Task prompt: Although the data holds pictures, return only the lines from the one containing "K联赛工资投入最大的还是蔚山" to the end, exactly, and without them.

The data:
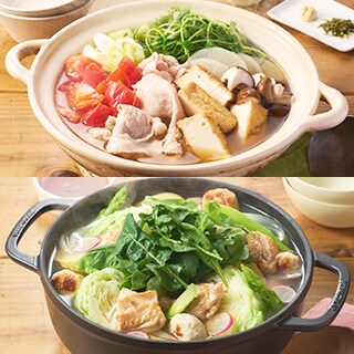 ■原材料 : ■だしを味わう和風トマト鍋:豚切り落とし肉(千葉県)、絹厚揚げ(大豆(国産)、植物油/凝固剤((塩化マグネシウム)「にがり」))、トマト(国産)、寄せ鍋の素(醤油(国内製造)、鰹節エキス、砂糖、食塩、醸造酢、いりこ粉末、むろ鯵粉末、昆布エキス、鰹だし、昆布だし、あごだし粉末、(一部に小麦・大豆を含む))、豆苗(国産)、大根(国産)、長ねぎ(国産)、しいたけ(国産)、鶏ガラスープベース(チキンエキス、動物油脂、チキンブイヨン、食塩、酵母エキス、昆布エキス(一部に鶏肉を含む))、粉チーズ(ナチュラルチーズ(生乳、食塩)(ニュージーランド製造、オーストラリア製造))、沢わさび(西洋わさび(北海道)、植物油脂、醸造酢/ビタミンC)、きざみのり(焼海苔)、山椒粉(山椒(和歌山産ぶどう山椒)) ■Wで味わう鶏肉のポトフ風鍋:鶏団子(鶏肉(国産)、玉ねぎ、牛脂肪、つなぎ(パン粉、でん粉)、豆腐、ワインタイプ発酵調味料、食塩、しょうが、乳清たん白、乾燥卵白、香辛料、(一部に卵・乳成分・小麦・牛肉・大豆・鶏肉を含む))、鶏もも肉(国産)、じゃがいも(国産)、キャベツ(国産)、コンソメスープの素(チキンエキス(国内製造)、食塩、砂糖、澱粉、玉葱、醸造酢、濃縮人参果汁、醤油(小麦・大豆を含む)、酵母エキス、セロリエキス、胡椒、パセリ)、玉ねぎ(国産)、スナップえんどう(国産)、トマトソース(トマト調味料(トマトペースト、食塩、水あめ、砂糖)(国内製造)、トマトペースト、水あめ、砂糖、オニオンソテー、食塩、にんにく、チキンブイヨン、食用植物油脂、香味食用油、醸造酢、香辛料、(一部に乳成分・鶏肉を含む))、ルッコラ(国産)、ラディッシュ(国産)、チリオイル(食用こめ油、食用風味油(食用植物油脂、唐辛子)/酸化防止剤(V.E))、チリパウダー(パプリカ、唐辛子、コリアンダー、クミン、オレガノ、ガーリック)
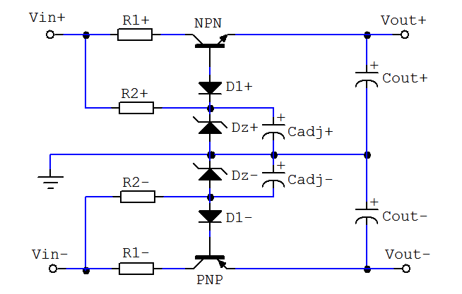 Rozwinięciem układu z pojedynczą diodą zenera, jest układ z tranzystorem szeregowym, dla którego dioda zenera stanowi napięcie odniesienia, podawane na bazę tranzystora. Układ jest znacznie bardziej niezależny od obciążenia i wydajniejszy prądowo. Zastosowanie kondensatora CADJ , równolegle do diody zenera, mocno poprawia parametry stabilizacji. W praktyce można spotkać też, równolegle z diodą zenera, mały kondensator stały, rzędu 100nF, który redukuje szumy diody zenara, których w kierunku zaporowym, generuje sporo. Układ, mimo że jest znacznie lepszy, nie jest idealny. Pozbawiony jest jakiejkolwiek kontroli napięcia wyjściowego, jaką realizują układy ze sprzężeniem zwrotnym. np. scalone stabilizatory napięcia. Układ z rysunku, to dokładny układ stabilizacji z Rotela RA-980BX.
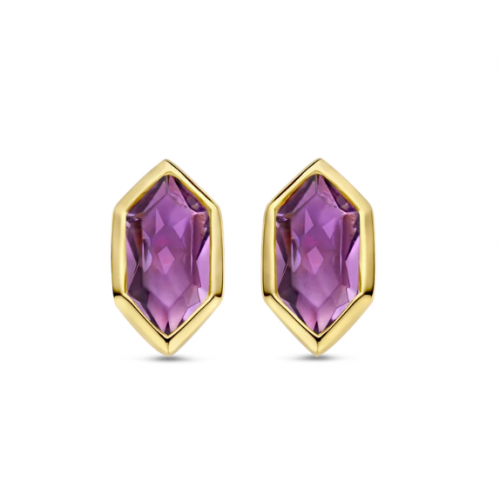 Estes brincos 7944PU banhados a ouro TI SENTO exibem pedras roxas de ametista radiantes complementadas pela opulência de configurações banhadas a ouro amarelo. A intensa tonalidade roxa exala uma sensação de elegância e mística. As pedras roxas são fixadas com segurança dentro de molduras geométricas banhadas a ouro, realçando seu fascínio e adicionando um toque de opulência. Os brincos de pino são inteiramente trabalhados em prata de lei premium 925 e banhados com ouro amarelo para um toque opulento e quente. Seu fechamento traseiro borboleta garante um ajuste confortável e seguro, proporcionando tranquilidade enquanto você usa esses pinos durante todo o dia e à noite. Todos os nossos brincos são nickel-free e hipoalergênicos.
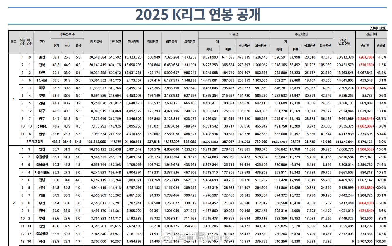 K联赛工资投入最大的还是蔚山9994万人民币,蔚山之后是全北9748万、大田9647万、首尔、济州、浦项、江原、大邱、光州,最少的是水原和安养。金泉不参与统计,K1球队平均工资年投入6019万人民币,K2平均2523万人民币。蔚山平均工资311万,大田平均247万,首尔平均199万。K1平均年薪151万人民币,本土球员年薪98.6万人民币,外援平均405万人民币,算成美元58万。K2平均年薪69万人民币,本土球员年薪52万人民币,外援平均200万人民币,算成美元29万。
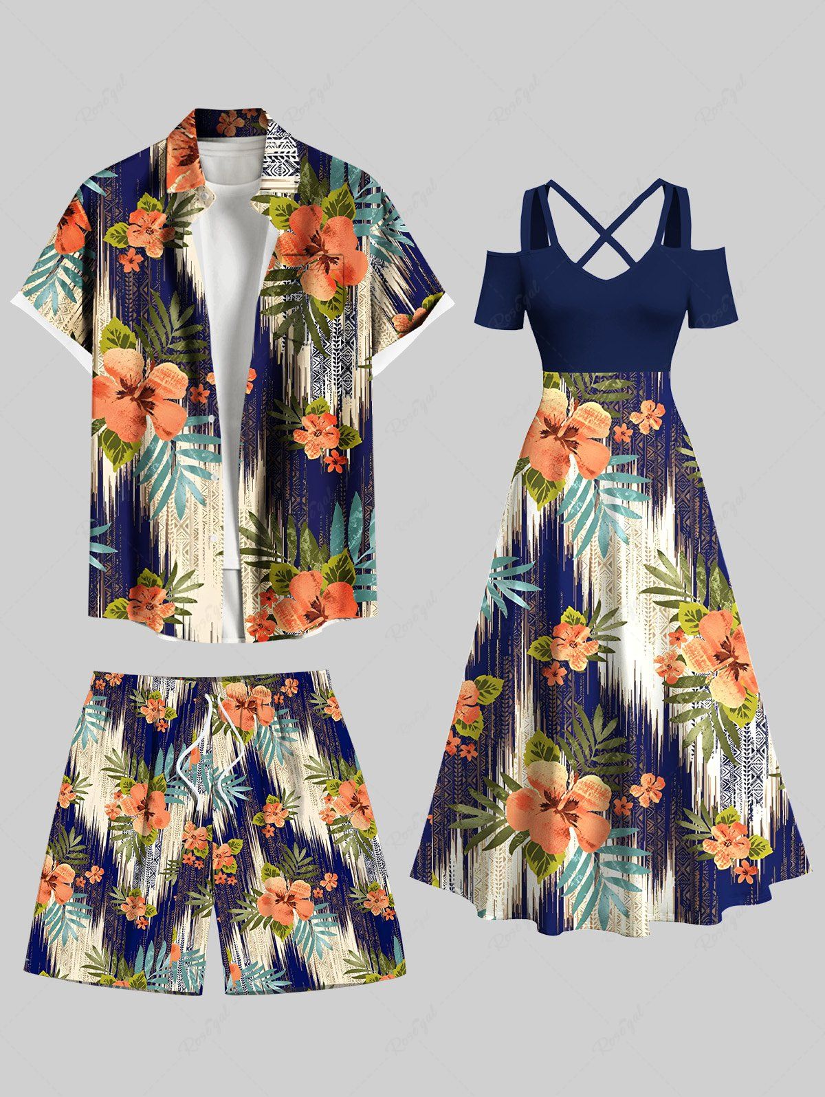 Tenue de plage hawaïenne assortie grande taille à imprimé feuilles tropicales et fleurs d'hibiscus et vagues pour couples
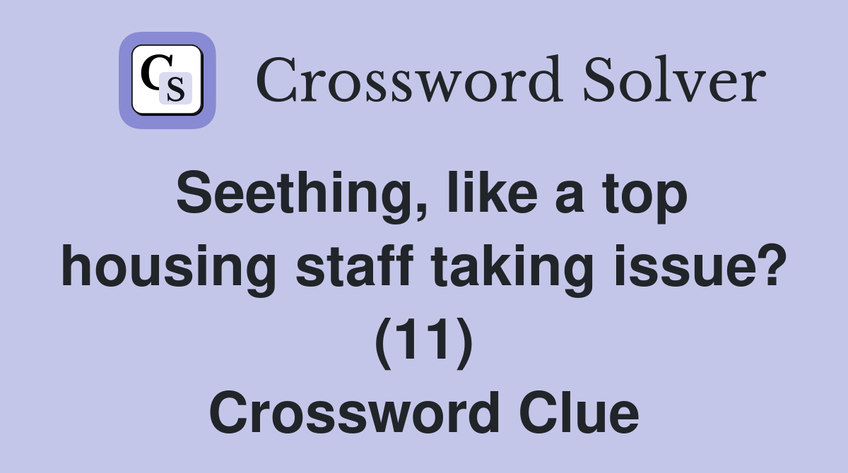 Seething like a top housing staff taking issue? (11) Crossword Clue
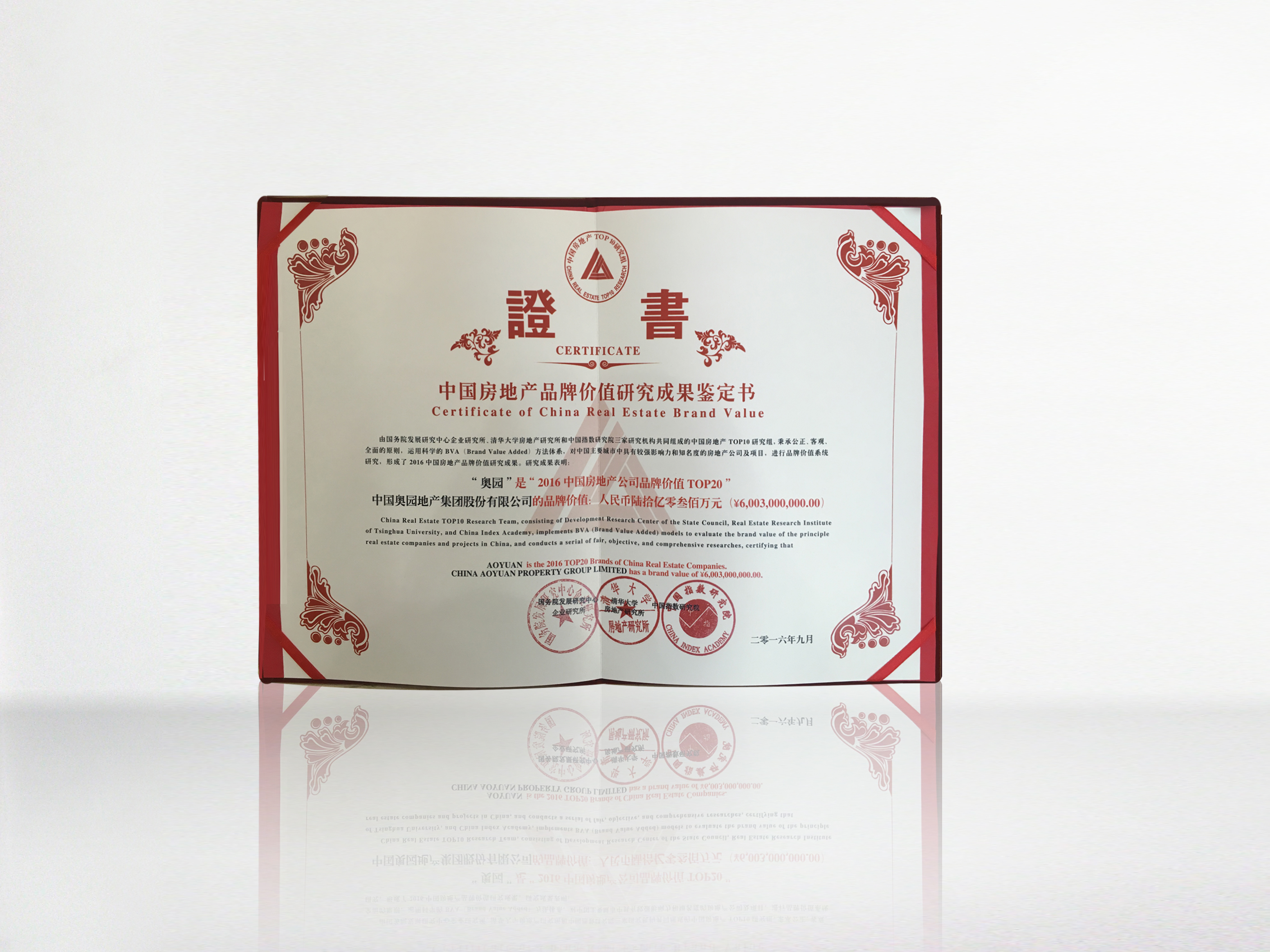 奧園榮膺“2016中國(guó)房地產(chǎn)公司品牌價(jià)值TOP20”第18名
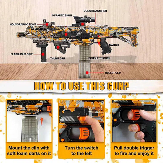 • Conception de sécurité des projectiles : il utilise des fléchettes en mousse sûres, souples et élastiques, qui conviennent aux enfants et aux adultes et ne causeront aucun dommage aux personnes ou aux objets. Les balles sont légères, faciles à nettoyer après le tir et peuvent être recyclées plusieurs fois.
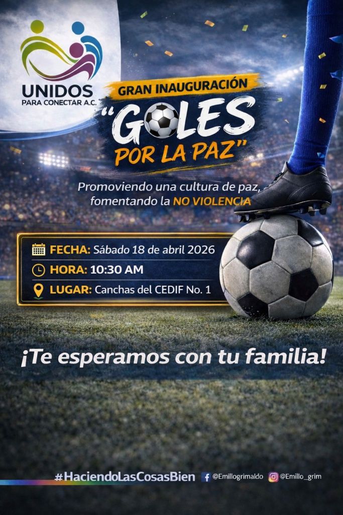 Este sábado se realizará el torneo deportivo Goles por la Paz, «Promoviendo una cultura de paz y no violencia a través del deporte» el cual es organizado por la Asociación Unidos para Conectar A. C, mismo que se desarrollará en las Canchas del CEDIF UNO, con la participación de ocho equipos en categoría libre juvenil.
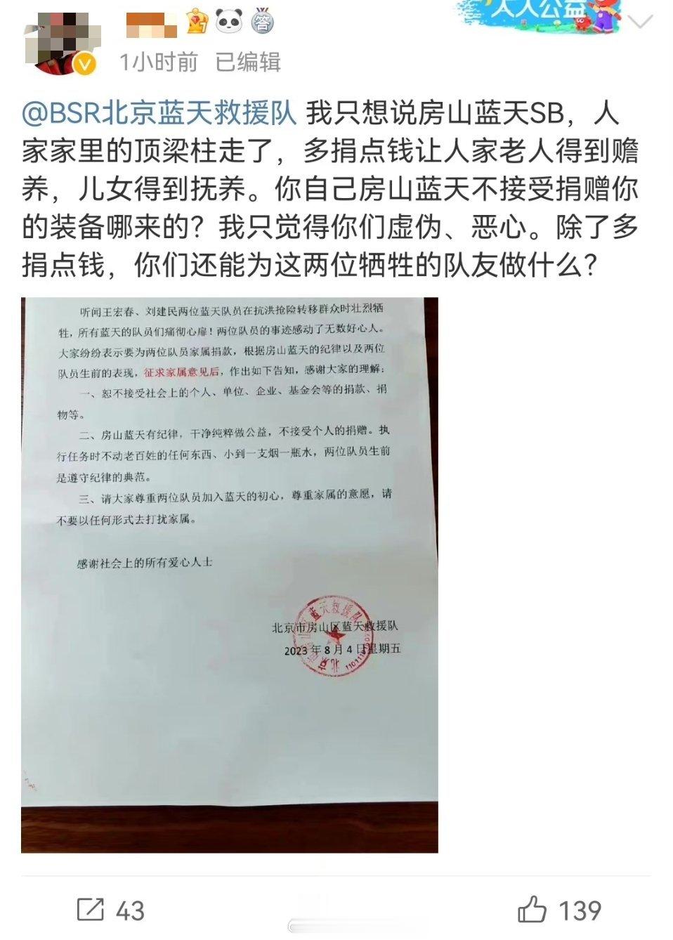 #牺牲蓝天队员家属拒绝接受捐款##房山蓝天救援队发布捐款告知#
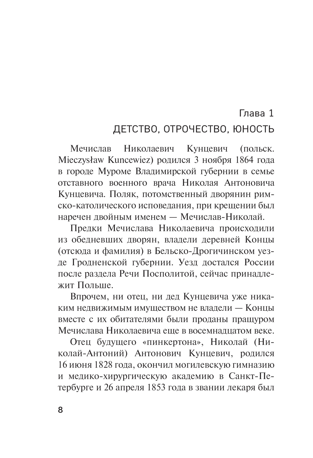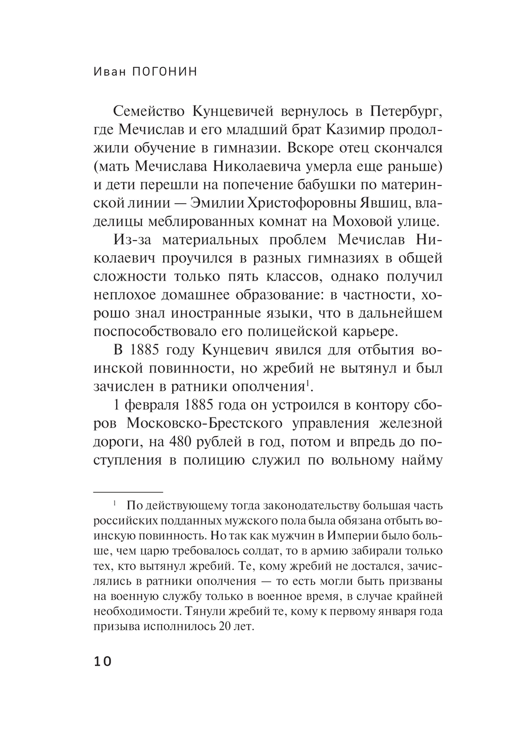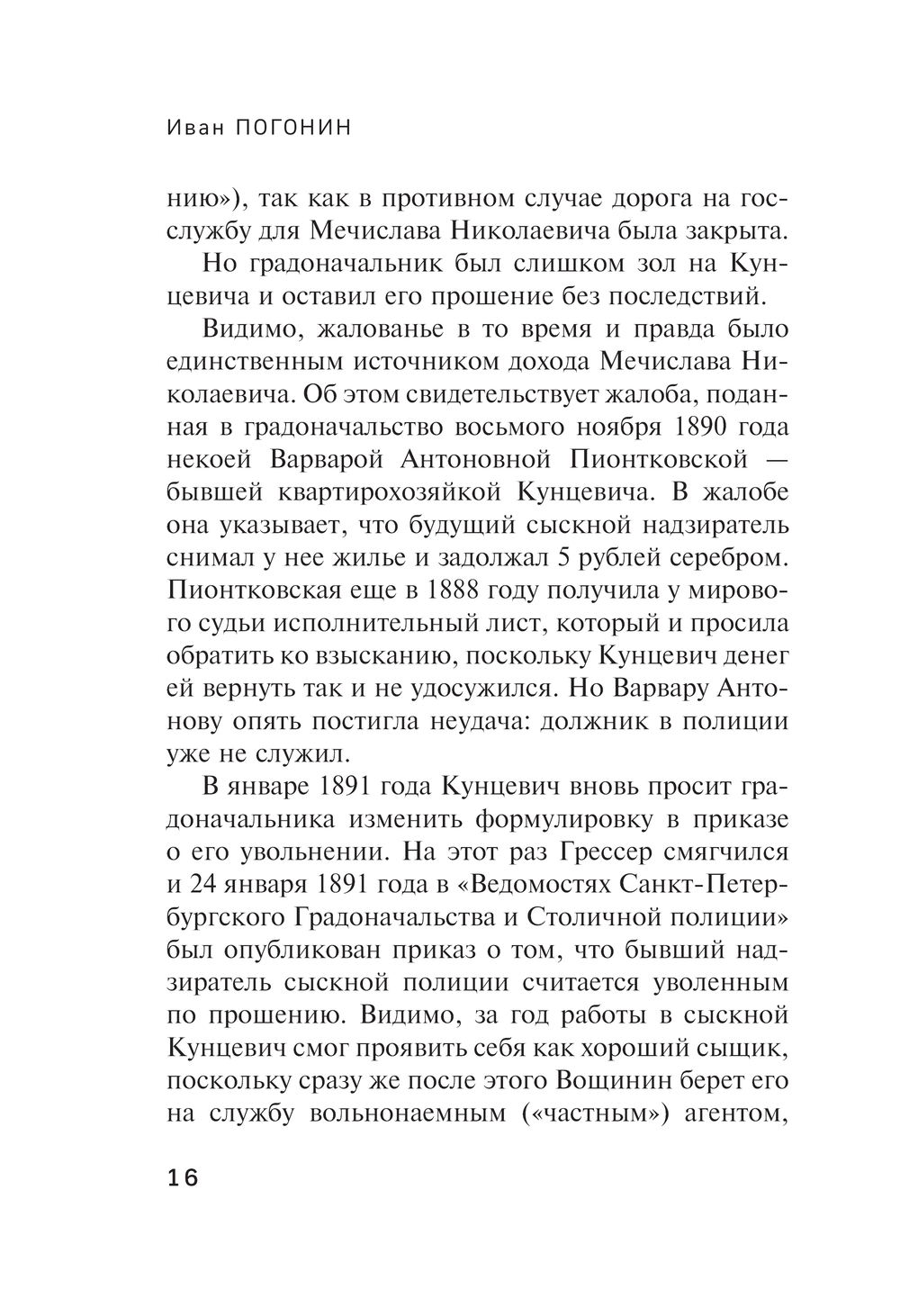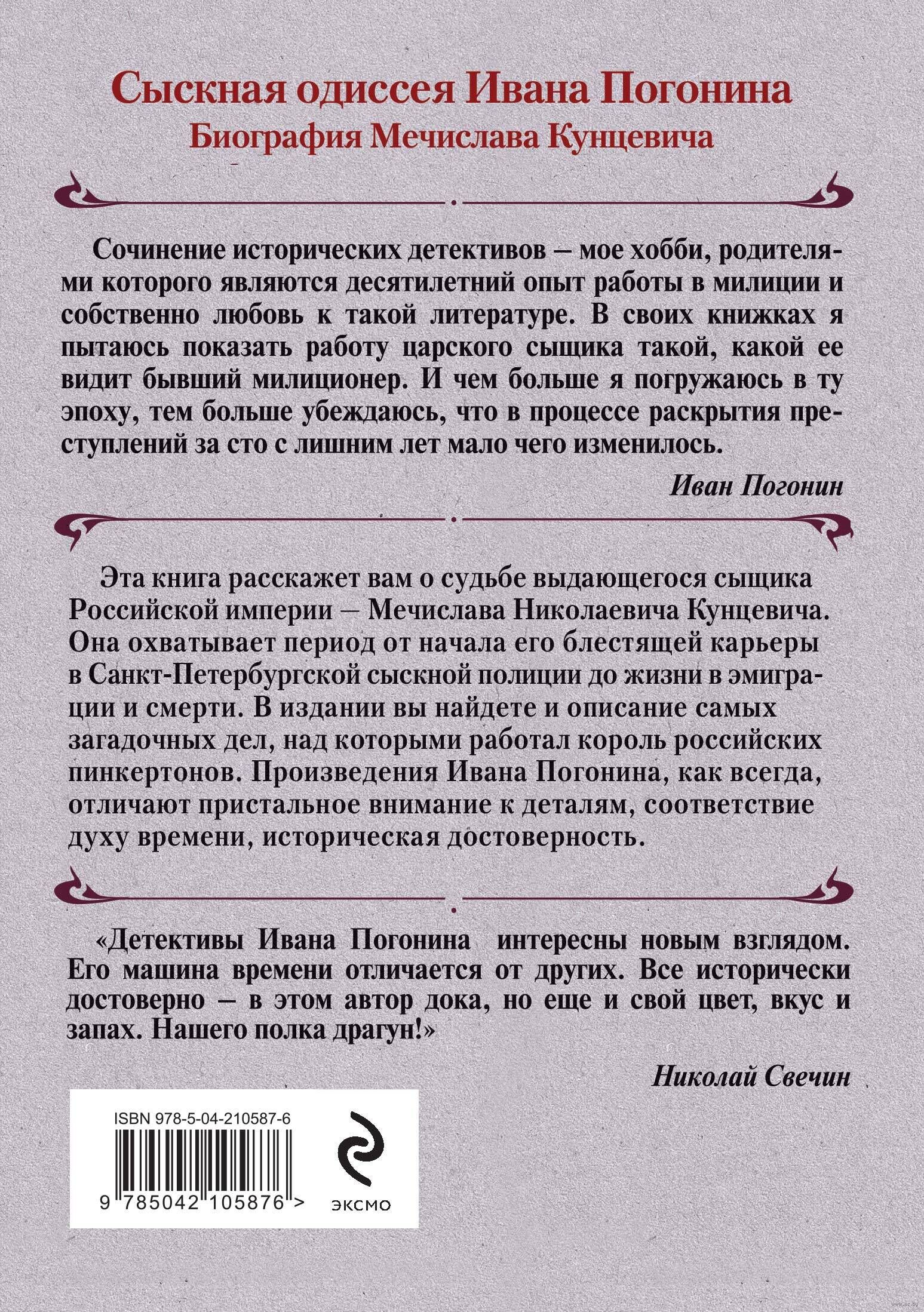Эта книга расскажет вам о судьбе выдающегося сыщика Российской империи – Мечислава Николаевича Кунцевича. Она охватывает период от начала его блестящей карьеры в Санкт-Петербургской сыскной полиции до жизни в эмиграции и смерти. В издании вы найдете и описание самых загадочных дел, над которыми работал король российских пинкертонов. Произведения Ивана Погонина, как всегда, отличают пристальное внимание к деталям, соответствие духу времени, историческая достоверность.

Solution for this task:
 K联赛工资投入最大的还是蔚山9994万人民币,蔚山之后是全北9748万、大田9647万、首尔、济州、浦项、江原、大邱、光州,最少的是水原和安养。金泉不参与统计,K1球队平均工资年投入6019万人民币,K2平均2523万人民币。蔚山平均工资311万,大田平均247万,首尔平均199万。K1平均年薪151万人民币,本土球员年薪98.6万人民币,外援平均405万人民币,算成美元58万。K2平均年薪69万人民币,本土球员年薪52万人民币,外援平均200万人民币,算成美元29万。
 Tenue de plage hawaïenne assortie grande taille à imprimé feuilles tropicales et fleurs d'hibiscus et vagues pour couples
 Seething like a top housing staff taking issue? (11) Crossword Clue
 奧園榮膺“2016中國(guó)房地產(chǎn)公司品牌價(jià)值TOP20”第18名
 • Conception de sécurité des projectiles : il utilise des fléchettes en mousse sûres, souples et élastiques, qui conviennent aux enfants et aux adultes et ne causeront aucun dommage aux personnes ou aux objets. Les balles sont légères, faciles à nettoyer après le tir et peuvent être recyclées plusieurs fois.
 Este sábado se realizará el torneo deportivo Goles por la Paz, «Promoviendo una cultura de paz y no violencia a través del deporte» el cual es organizado por la Asociación Unidos para Conectar A. C, mismo que se desarrollará en las Canchas del CEDIF UNO, con la participación de ocho equipos en categoría libre juvenil.
 #牺牲蓝天队员家属拒绝接受捐款##房山蓝天救援队发布捐款告知#
Эта книга расскажет вам о судьбе выдающегося сыщика Российской империи – Мечислава Николаевича Кунцевича. Она охватывает период от начала его блестящей карьеры в Санкт-Петербургской сыскной полиции до жизни в эмиграции и смерти. В издании вы найдете и описание самых загадочных дел, над которыми работал король российских пинкертонов. Произведения Ивана Погонина, как всегда, отличают пристальное внимание к деталям, соответствие духу времени, историческая достоверность.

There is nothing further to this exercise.